The presence of cis-elements and the tissue-specific expression of trans-acting factors, such as the RNA-binding protein fork head box for APP (RBFox) (Alam et al. 2014), regulate overall alternative splicing patterns (Qian & Liu 2014; Stilling et al. 2014). There is still little known about factors contributing to the alternative splicing of the APP gene in obesity and aging, and further research is needed to examine if RBFox proteins play a role in this process (Love et al. 2015). Our results suggest that HFD feeding and obesity is likely to alter APP alternative splicing, which could be affected by trans-acting factors.

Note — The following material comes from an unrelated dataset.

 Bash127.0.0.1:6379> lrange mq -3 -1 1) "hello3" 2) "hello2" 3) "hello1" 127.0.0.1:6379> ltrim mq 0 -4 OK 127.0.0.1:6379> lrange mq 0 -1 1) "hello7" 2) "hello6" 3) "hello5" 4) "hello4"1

Elucidating the mechanism of APP alternative splicing in adipose tissue with obesity and the exact role that alternative splicing events play in enhancing the production of Aβ could contribute to the development of new drug targets for preventing obese-related AD and other complications of obesity.

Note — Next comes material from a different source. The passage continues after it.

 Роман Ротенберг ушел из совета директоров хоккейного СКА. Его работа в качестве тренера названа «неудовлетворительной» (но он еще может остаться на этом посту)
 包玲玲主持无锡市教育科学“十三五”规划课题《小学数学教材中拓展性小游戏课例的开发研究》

In summary, this study developed an absolute quantification method to measure absolute copy numbers of major APP isoforms, and demonstrated that APP isoforms were increased in mouse adipose tissue with obesity and the ratios of APP isoforms were altered with aging. In addition, isoform expressions were correlated with in vivo measures of glucose metabolism and a proinflammatory pattern of adipokine expression in adipose tissue. We demonstrated that treatment of insulin sensitizer could reduce the increased expression of the APP770 isoform. To our knowledge, this study is the first to measure the absolute copy number of APP isoforms in adipose tissue by AQ-PCR. The method presented is simple, and accurately compares expression levels of each APP isoform from the same sample. It can be implemented in a standardized fashion, allowing APP isoform expression data to be compared between experiments and across studies conducted by independent research groups. Understanding the biology and the potential importance of peripheral tissues of APP regulation and the expression of specific isoforms is critical to unraveling the pathology of APP-related abnormalities, such as AD. Finally, the relationship between adipose tissue expression of APP and Aβ peptides and risk for AD are not well known, and will require long-term studies to address.